The request tracker generates a unique id per request that comes in to the client.

When a new request comes into the client, it generates a unique id for this request and persists it along with some metadata to some form of local storage. It tracks the completion status of this request as part of the metadata.

Lease Manager

The lease manager is a little more interesting. It took a little digging to understand exactly what the purpose of this is.

For every request that comes in, a client must contact the Lease Manager and obtain a lease for the resource it wants to access. The identifier for this lease is the unique identifier for the RPC call. The client is expected to renew this lease within some time period. If the lease for a client expires, the server does not service the request.

Here’s a nice article on leases which can explain the concept in more depth.

Result Tracker

The result tracker module is meant to provide completion records for each request, sometimes called a Completion Object.

Everytime a request is serviced by the server, either successfully or otherwise, it is written to the local persistence store as a Completion Object record. Once the server has sent the response back to the client and received acknowledgement from the client of it’s receipt, it marks the record for garbage collection which runs during the compaction process.

Lifetime Of A Request

RIFL Overview

The request comes in from an application to a client. Now, the client generates a unique id for this request. In RIFL, identifiers consist of two parts: a 64-bit unique identifier for the client and a 64-bit sequence number allocated by that client.

Next, the request must attain a lease from the Lease Manager module. When a server receives a request, it checks if the lease is still valid by contacting the Lease Manager. If the lease is nearing expiration, the Lease Manager checks if the client is still reachable, and if it is, the lease is renewed. If the client is unreachable, the lease is allowed to expire.

Now, assuming the lease has been validated by the server, it is free to carry out the transaction required by the request. It typically does this by following a 2PC protocol. Before running this protocol, it first inserts a completion record for this request indicating the current status of the request. This completion record is identified by the request’s unique identifier.

Assuming, the request is completed successfully and the client acknowledges receipt, the completion record can be marked as completed and garbage collected later.

Failure Scenarios

The classic failure scenario is where the client sends a request which is successfully served by the server, but the client crashes either:

  1. Before receiving the response from the server
  2. Before acknowleding receipt from the server

Let’s take a simple example of an e-commerce application. Assume that we are managing the state of a cart. Now, the application issues a request to the client to ADD(eggs, cart) which will add eggs to a cart.

The client issues this request to the server and then crashes before receiving and acknowledging a response.

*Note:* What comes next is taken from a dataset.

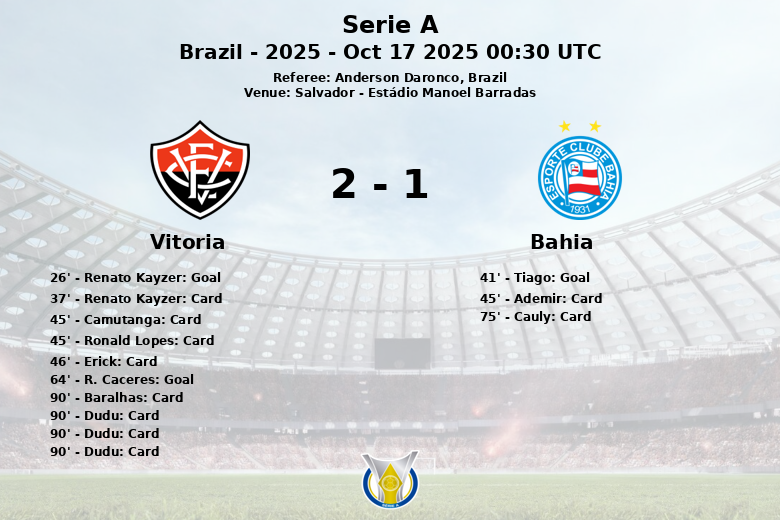 Vitoria took the lead in the 26th minute thanks to a penalty converted by Renato Kayzer. However, Bahia responded before halftime with a goal from Tiago in the 41st minute, assisted by Nicolas Acevedo. The first half concluded with a flurry of yellow cards, reflecting the vehemence with which every ball was contested.

Now, when the client restarts, it will notice that it has a request locally persisted which has not been completed. It will retry this request with the same request id.

The server receives this request and uses the request id as a lookup to see if it has already been serviced. Assuming it has already been serviced, the server will not perform the operation again but will instead return a successful response to the client.

The client will then update it’s local store to mark the request as completed and send it’s acknowledgement to the server. Upon receipt of the acknowledgement, the server will mark the record as acknowledged and mark it for garbage collection.

Conclusion

Reading about RIFL was pretty interesting and I’d highly recommend reading the paper itself.

RIFL attempts to first build a linearizable layer upon which to execute transactions. However, despite the failure scenarios it handles, it depends on the client being reliable enough that it first records and persist the request it is making before issuing it.

And what happens if a client one level up crashes immediately after issuing the request? Then that layer would require linearizability. The paper has a section which addresses this.

There is also a section on performance in the paper that is worth checking out.